I’ve mentioned {htmlunit} in passing before, but did not put any code in the blog post. Since I just updated {htmlunitjars} to the latest and greatest version, now might be a good time to do a quick demo of it.

The {htmlunit}/{htmunitjars} packages make the functionality of the HtmlUnit Java libray available to R. The TLDR on HtmlUnit is that it can help you scrape a site that uses javascript to create DOM elements. Normally, you’d have to use Selenium/{Rselenium}, Splash/{splashr} or Chrome/{decapitated} to try to work with sites that generate the content you need with javascript. Those are fairly big external dependencies that you need to trudge around with you, especially if all you need is a quick way of getting dynamic content. While {htmlunit} does have an {rJava} dependency, I haven’t had any issues getting Java working with R on Windows, Ubuntu/Debian or macOS in a very long while—even on freshly minted systems—so that should not be a show stopper for folks (Java+R guaranteed ease of installation is still far from perfect, though).

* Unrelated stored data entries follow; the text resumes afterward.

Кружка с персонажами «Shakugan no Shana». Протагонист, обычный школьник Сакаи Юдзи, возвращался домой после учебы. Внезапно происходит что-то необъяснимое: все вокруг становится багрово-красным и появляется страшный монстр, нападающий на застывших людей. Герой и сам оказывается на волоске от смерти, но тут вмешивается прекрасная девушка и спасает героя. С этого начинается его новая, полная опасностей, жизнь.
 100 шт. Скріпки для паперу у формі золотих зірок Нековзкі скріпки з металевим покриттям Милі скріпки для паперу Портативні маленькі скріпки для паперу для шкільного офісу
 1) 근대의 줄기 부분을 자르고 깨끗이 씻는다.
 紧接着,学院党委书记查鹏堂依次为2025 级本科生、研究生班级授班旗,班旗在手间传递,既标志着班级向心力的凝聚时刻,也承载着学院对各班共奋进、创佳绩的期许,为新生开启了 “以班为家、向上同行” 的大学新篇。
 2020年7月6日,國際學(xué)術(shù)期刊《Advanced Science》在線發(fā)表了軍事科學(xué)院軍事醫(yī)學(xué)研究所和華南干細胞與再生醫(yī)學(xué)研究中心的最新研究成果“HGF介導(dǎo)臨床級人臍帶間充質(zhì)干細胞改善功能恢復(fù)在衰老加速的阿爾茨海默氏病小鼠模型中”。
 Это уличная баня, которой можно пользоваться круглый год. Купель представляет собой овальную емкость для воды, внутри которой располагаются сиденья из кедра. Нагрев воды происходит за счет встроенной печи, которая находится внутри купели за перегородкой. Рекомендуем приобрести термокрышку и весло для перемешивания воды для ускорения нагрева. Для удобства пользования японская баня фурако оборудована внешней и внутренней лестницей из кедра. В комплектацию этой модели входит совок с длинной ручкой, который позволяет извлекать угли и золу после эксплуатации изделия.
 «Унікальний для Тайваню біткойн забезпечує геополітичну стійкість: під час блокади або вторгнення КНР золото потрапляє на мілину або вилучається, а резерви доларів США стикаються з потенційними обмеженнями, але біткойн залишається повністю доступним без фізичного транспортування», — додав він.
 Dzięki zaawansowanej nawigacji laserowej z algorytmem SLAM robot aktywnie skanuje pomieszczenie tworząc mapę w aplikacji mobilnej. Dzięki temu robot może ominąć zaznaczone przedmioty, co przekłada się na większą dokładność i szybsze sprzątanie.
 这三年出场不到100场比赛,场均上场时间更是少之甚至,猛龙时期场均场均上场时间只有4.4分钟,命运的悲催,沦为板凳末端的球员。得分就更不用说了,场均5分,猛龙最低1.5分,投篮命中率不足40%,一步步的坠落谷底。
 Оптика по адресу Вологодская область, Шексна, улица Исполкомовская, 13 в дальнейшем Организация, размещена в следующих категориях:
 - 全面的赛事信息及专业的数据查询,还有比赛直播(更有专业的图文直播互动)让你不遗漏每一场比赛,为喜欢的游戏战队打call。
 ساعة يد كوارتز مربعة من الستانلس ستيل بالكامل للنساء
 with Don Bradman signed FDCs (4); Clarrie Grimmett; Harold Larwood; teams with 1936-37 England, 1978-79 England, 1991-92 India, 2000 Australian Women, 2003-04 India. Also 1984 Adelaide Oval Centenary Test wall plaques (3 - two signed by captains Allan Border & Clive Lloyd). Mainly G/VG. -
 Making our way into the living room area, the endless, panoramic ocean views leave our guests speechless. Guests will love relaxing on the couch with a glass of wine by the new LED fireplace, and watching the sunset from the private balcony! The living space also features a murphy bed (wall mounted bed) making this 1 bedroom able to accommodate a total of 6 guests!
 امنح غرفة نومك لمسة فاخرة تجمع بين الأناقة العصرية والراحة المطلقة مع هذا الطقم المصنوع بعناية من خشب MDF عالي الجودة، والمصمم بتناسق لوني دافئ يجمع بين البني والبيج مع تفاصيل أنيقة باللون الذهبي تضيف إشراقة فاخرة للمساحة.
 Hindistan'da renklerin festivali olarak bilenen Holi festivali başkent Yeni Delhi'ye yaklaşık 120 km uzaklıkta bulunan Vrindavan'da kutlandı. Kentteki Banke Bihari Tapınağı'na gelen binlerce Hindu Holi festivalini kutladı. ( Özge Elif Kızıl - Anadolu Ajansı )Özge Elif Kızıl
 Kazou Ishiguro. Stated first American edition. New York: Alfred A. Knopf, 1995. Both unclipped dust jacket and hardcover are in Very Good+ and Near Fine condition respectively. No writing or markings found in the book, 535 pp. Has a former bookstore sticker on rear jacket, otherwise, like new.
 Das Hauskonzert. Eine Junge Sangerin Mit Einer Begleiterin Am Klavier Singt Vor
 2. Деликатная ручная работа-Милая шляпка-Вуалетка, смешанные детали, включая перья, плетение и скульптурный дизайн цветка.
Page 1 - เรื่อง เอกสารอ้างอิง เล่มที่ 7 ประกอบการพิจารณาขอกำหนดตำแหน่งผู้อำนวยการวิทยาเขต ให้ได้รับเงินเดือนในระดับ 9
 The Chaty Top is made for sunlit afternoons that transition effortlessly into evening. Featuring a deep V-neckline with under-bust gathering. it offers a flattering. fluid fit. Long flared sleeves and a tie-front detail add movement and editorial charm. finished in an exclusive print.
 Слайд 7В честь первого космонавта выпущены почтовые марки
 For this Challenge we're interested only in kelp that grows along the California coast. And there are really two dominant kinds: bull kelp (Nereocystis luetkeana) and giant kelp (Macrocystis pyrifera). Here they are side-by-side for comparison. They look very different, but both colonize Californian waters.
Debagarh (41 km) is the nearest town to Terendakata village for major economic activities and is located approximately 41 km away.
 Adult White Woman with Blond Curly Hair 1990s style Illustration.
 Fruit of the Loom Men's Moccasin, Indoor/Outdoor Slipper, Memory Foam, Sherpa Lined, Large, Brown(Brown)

To demonstrate the capabilities of {htmlunit} we’ll work with a site that’s dedicated to practicing web scraping—toscrape.com—and, specifically, the javascript generated sandbox site. It looks like this:

Now bring up both the “view source” version of the page on your browser and the developer tools “elements” panel and you’ll see that the content is in javascript right there on the site but the source has no <div> elements because they’re generated dynamically after the page loads.

: view source view of toscrape javascript example site

: devtools elements view of toscrape javascript example site

The critical differences between both of those views is one reason I consider the use of tools like “Selector Gadget” to be more harmful than helpful. You’re really better off learning the basics of HTML and dynamic pages than relying on that crutch (for scraping) as it’ll definitely come back to bite you some day.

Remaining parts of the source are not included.